* TASK DATA:
......

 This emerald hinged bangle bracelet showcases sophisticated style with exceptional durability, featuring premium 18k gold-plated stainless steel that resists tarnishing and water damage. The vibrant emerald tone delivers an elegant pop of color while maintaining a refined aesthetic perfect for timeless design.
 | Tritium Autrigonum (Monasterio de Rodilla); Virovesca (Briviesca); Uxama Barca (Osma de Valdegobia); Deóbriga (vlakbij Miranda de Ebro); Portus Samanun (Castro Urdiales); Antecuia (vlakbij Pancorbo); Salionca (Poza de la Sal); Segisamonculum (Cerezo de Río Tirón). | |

......

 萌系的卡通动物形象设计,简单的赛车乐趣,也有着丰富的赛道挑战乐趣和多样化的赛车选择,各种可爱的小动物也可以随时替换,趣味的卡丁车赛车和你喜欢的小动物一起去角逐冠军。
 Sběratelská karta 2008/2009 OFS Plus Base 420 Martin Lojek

......

* WHAT IS REQUIRED: Look above for the line holding "This emerald hinged", then set down exactly that line and every line after it up to and including the line holding "Tirón). | |", with nothing else.

* ANSWER TO THE EXERCISE:
 This emerald hinged bangle bracelet showcases sophisticated style with exceptional durability, featuring premium 18k gold-plated stainless steel that resists tarnishing and water damage. The vibrant emerald tone delivers an elegant pop of color while maintaining a refined aesthetic perfect for timeless design.
 | Tritium Autrigonum (Monasterio de Rodilla); Virovesca (Briviesca); Uxama Barca (Osma de Valdegobia); Deóbriga (vlakbij Miranda de Ebro); Portus Samanun (Castro Urdiales); Antecuia (vlakbij Pancorbo); Salionca (Poza de la Sal); Segisamonculum (Cerezo de Río Tirón). | |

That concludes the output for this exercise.